New DLL Search Order Hijacking Variant Exploits in Windows 10 and 11

Recent findings by security researchers have unearthed an innovative variant of DLL search order hijacking, posing a serious threat to systems running Windows 10 and Windows 11. This technique utilizes files within the esteemed WinSxS folder, circumventing security measures and potentially allowing malicious code execution on compromised systems.

The method that capitalizes on executables commonly found in the WinSxS folder, leveraging the classic DLL search order hijacking technique. By manipulating this approach, threat actors sidestep the necessity for elevated privileges while introducing vulnerable binaries into the attack chain.

DLL search order hijacking operates by manipulating the order in which DLLs are loaded, exploiting applications that rely on a predefined search sequence to locate required DLLs on the system. Attackers manipulate this behavior by relocating legitimate system binaries to unconventional directories housing malicious DLLs masquerading under legitimate names. As a consequence, the malicious library gets loaded in place of the authentic one, as the process calling the DLL prioritizes the directory from which it executes.

The security researcher approach targets files within the trusted WinSxS folder, a critical component ensuring Windows compatibility and integrity. Exploiting vulnerable binaries in this folder, in combination with the standard DLL search order hijacking, involves placing a custom DLL with the same name as the legitimate one in an actor-controlled directory. This tactical maneuver enables the execution of malicious code merely by executing a vulnerable file from the WinSxS folder, eliminating the need to copy the executable to the rogue DLL’s location.
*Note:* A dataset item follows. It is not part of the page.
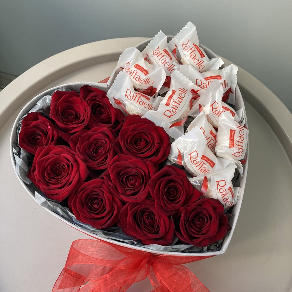 A bright heart-shaped composition consists of 11 red roses and Raffaello candies with almond 150g. in decorative design. The height of the composition is 10 cm.

This discovery underscores the need for organizations to remain vigilant. The researcher urges close monitoring of activities involving binaries in the WinSxS folder, emphasizing scrutiny of both network communications and file operations. Understanding parent-child process relationships and fortifying precautions against this variant is imperative to safeguarding systems from exploitation.

To counter the threat posed by the new variant of DLL search order hijacking, organizations can implement strategic measures to fortify their Windows systems. Strengthening defenses involves stringent monitoring of activities related to the WinSxS folder’s binaries, focusing on network communications and file operations within this critical Windows component.